### Brief
Reproduce, from the lines below, exactly the stretch that begins at the line containing "qq空间人气一起牛是一款用来" and ends at the line containing "Мундштук — цветной", both included.

### Raw data
-*-

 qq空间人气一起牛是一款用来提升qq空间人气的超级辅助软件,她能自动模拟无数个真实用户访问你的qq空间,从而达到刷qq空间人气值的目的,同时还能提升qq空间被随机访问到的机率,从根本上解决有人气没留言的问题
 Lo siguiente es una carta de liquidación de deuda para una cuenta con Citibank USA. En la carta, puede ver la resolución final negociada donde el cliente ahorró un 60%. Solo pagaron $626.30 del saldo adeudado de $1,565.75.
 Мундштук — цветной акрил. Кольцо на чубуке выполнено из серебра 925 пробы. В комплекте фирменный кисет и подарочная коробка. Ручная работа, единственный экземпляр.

-*-

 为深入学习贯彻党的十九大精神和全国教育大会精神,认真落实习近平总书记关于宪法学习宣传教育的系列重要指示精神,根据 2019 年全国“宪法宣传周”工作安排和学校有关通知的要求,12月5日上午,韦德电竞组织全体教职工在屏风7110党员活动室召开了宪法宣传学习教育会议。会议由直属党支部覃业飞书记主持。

-*-

### Solved problem
 qq空间人气一起牛是一款用来提升qq空间人气的超级辅助软件,她能自动模拟无数个真实用户访问你的qq空间,从而达到刷qq空间人气值的目的,同时还能提升qq空间被随机访问到的机率,从根本上解决有人气没留言的问题
 Lo siguiente es una carta de liquidación de deuda para una cuenta con Citibank USA. En la carta, puede ver la resolución final negociada donde el cliente ahorró un 60%. Solo pagaron $626.30 del saldo adeudado de $1,565.75.
 Мундштук — цветной акрил. Кольцо на чубуке выполнено из серебра 925 пробы. В комплекте фирменный кисет и подарочная коробка. Ручная работа, единственный экземпляр.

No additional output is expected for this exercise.